Dismantling the Fragility Index: A demonstration of statistical reasoning.
Bayes factor; Fragility Index; P-value; robustness; sensitivity analysis
The Fragility Index has been introduced as a complement to the P-value to summarize the statistical strength of evidence for a trial's result. The Fragility Index (FI) is defined in trials with two equal treatment group sizes, with a dichotomous or time-to-event outcome, and is calculated as the minimum number of conversions from nonevent to event in the treatment group needed to shift the P-value from Fisher's exact test over the .05 threshold. As the index lacks a well-defined probability motivation, its interpretation is challenging for consumers. We clarify what the FI may be capturing by separately considering two scenarios: (a) what the FI is capturing mathematically when the probability model is correct and (b) how well the FI captures violations of probability model assumptions. By calculating the posterior probability of a treatment effect, we show that when the probability model is correct, the FI inappropriately penalizes small trials for using fewer events than larger trials to achieve the same significance level.

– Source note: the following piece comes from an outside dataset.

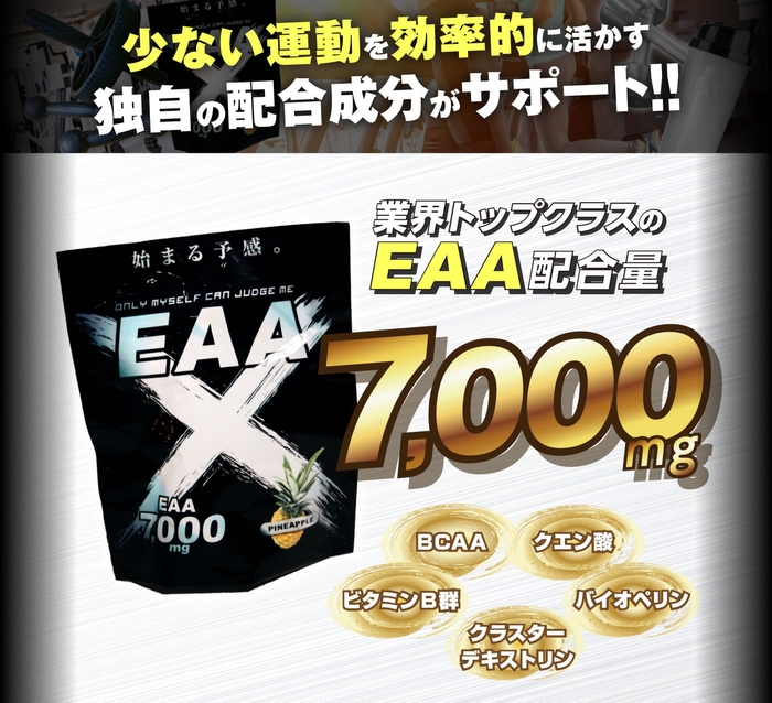 EAAXは必須アミノ酸であるEAAの配合量が1杯で7,000mgと海外並みの配合量。さらに理想的なボディを実現するためにビタミンB群、バイオぺリン、クラスターデキストリン、クエン酸など4つの成分までも配合しています。

The analysis shows that for experiments conducted without bias, the FI promotes an incorrect intuition of probability, which has not been noted elsewhere and must be dispelled. We illustrate shortcomings of the FI's ability to quantify departures from model assumptions and contextualize the FI concept within current debate around the null hypothesis significance testing paradigm. Altogether, the FI creates more confusion than it resolves and does not promote statistical thinking. We recommend against its use. Instead, sensitivity analyses are recommended to quantify and communicate robustness of trial results.